39th Secretary of State of Colorado
- Incumbent
- Assumed office January 8, 2019
- Governor: Jared Polis
- Preceded by: Wayne Williams

Personal details
- Born: October 2, 1984 (age 41) Toledo, Ohio, U.S.
- Party: Democratic
- Education: Whitman College (BA) University of Pennsylvania (JD)

= Jena Griswold =

American attorney and politician (born 1984)

Jena Marie Griswold (born October 2, 1984) is an American attorney and politician from the state of Colorado. A Democrat, she is the 39th Colorado Secretary of State, serving since January 8, 2019.

She is the first Democrat to be elected Secretary of State of Colorado since 1958.

Griswold is the Democratic nominee for attorney general of Colorado in the 2026 election.
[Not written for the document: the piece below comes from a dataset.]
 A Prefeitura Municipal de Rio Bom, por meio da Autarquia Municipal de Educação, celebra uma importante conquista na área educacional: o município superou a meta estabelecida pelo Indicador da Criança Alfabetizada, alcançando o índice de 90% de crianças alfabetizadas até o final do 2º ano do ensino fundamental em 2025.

== Early life and career ==
Griswold was born in a Jewish family in Toledo, Ohio, and moved to Estes Park, Colorado, at the age of 10. She graduated from Estes Park High School in 2002. She graduated from Whitman College, magna cum laude, with a Bachelor of Arts in politics and Spanish literature in 2006. She graduated from the University of Pennsylvania Law School with a Juris Doctor in 2011. In 2006, Griswold was awarded the Watson Foundation Fellowship, and in 2009, the Penn Law International Human Rights Fellowship.

Griswold moved to Washington, D.C. in 2011, and worked for President Barack Obama's 2012 campaign as a voter protection attorney. In June 2013, Governor John Hickenlooper appointed Griswold as Director of Special Projects in the Office of the Governor, serving as his lobbyist in Washington, D.C. She served in that role until August 2015, after which she worked at the Colorado Department of Health Care Policy and Financing as a Temporary Aide until leaving government employment in May 2016.
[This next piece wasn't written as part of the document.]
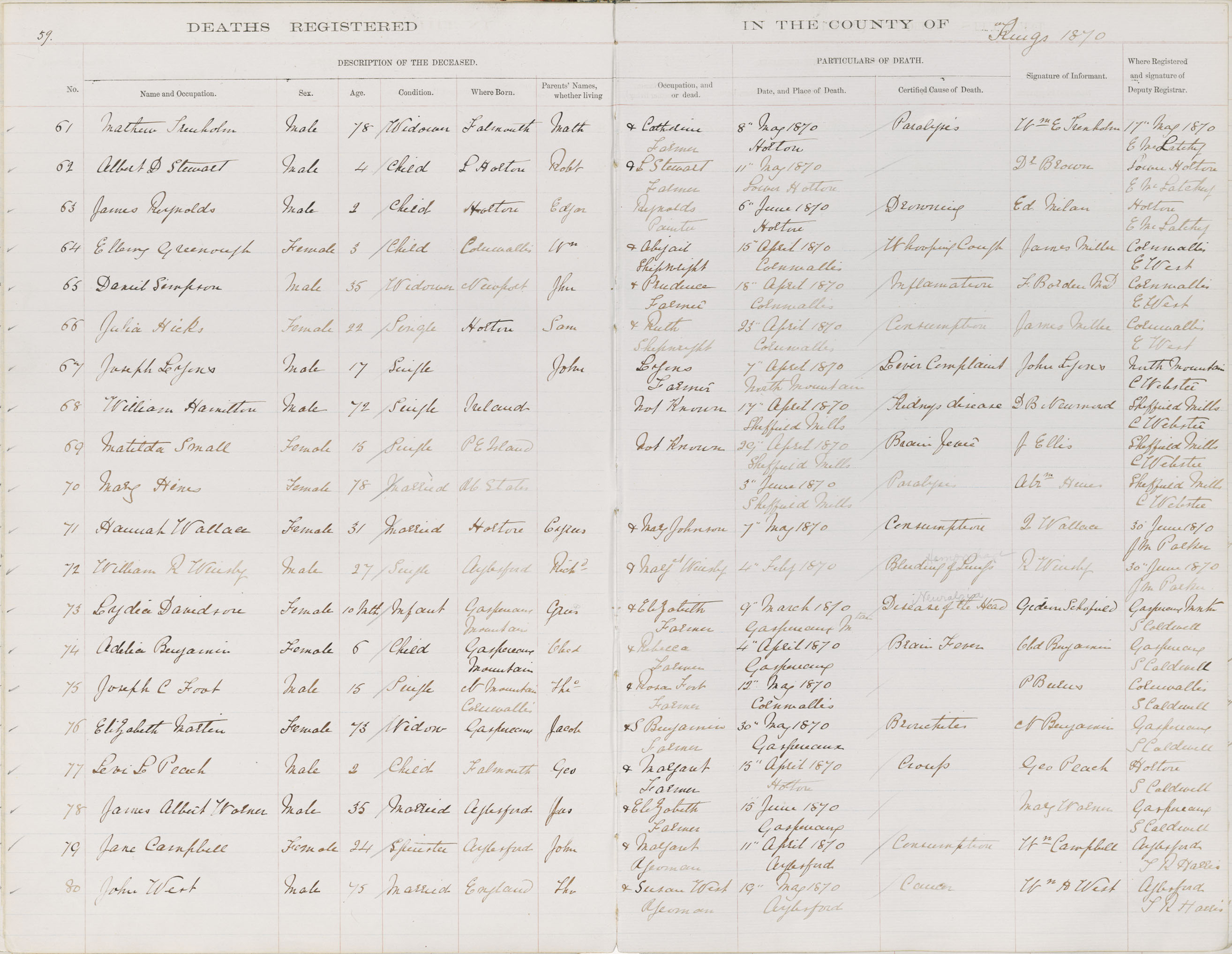 Death Registration: Year: 1870 book: 1811 page: 59 number: 80

== Secretary of State of Colorado ==
In the 2018 general election, Griswold ran for Secretary of State of Colorado. She defeated the incumbent Republican Wayne Williams in the November 6 general election to become the first elected Democratic Secretary of State in Colorado since 1963 and the first woman from the Democratic Party to ever hold the office.

Griswold has prioritized campaign finance reform and increasing voter registration. She filed suit to prevent Tina Peters from being able to oversee elections in Mesa County in 2021 and 2022 due to her attempt to interfere in the 2020 U.S. presidential election.
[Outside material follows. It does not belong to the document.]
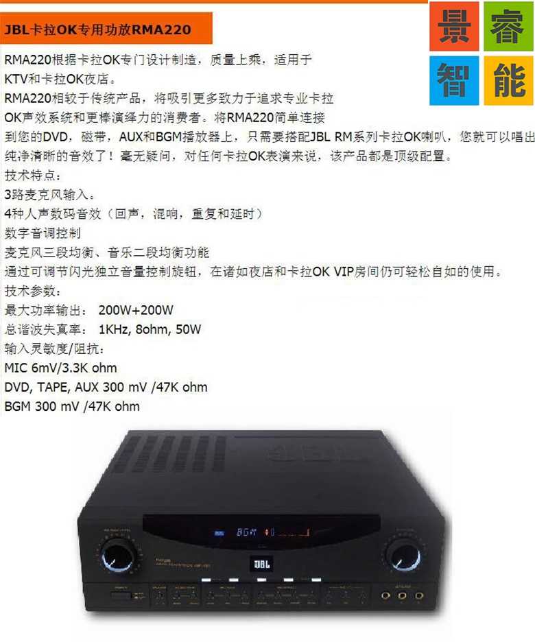 JBL卡拉OK專用功放RMA220

Griswold won a second term in the 2022 election, defeating Republican Pam Anderson, a former county clerk and recorder from Jefferson County, with 55 percent of the vote.

On September 6, 2023, six voters filed a lawsuit in Colorado state district court seeking to prevent Trump from appearing on the state's Republican presidential primary due to his role in the January 6 United States Capitol attack, naming Griswold as the respondent in her official capacity as Colorado Secretary of State. Judge Sarah B. Wallace ruled that Griswold must keep Trump on the ballot but stated that Trump engaged in insurrection by standard of preponderance of the evidence, the first time a judge has explicitly stated Trump incited the January 6 Capitol attack, The plaintiffs appealed the ruling and the Colorado Supreme Court ruled in a 4–3 per curiam decision that Trump is disqualified from the primary ballot, reversing the district court's ruling. The Supreme Court of the United States later ruled that individual states cannot prevent a candidate from appearing on a presidential ballot.

On April 4, 2024, a resolution proposed by Republicans to impeach Griswold was introduced to the Colorado House of Representatives. The impeachment articles cited Griswold's comments about Donald Trump leading up to the Supreme Court hearing of Trump v. Anderson, and the incorrect claim that Trump was not on the ballot for the Colorado presidential primary. On April 9, 2024, the impeachment articles failed in the House Judicial Committee.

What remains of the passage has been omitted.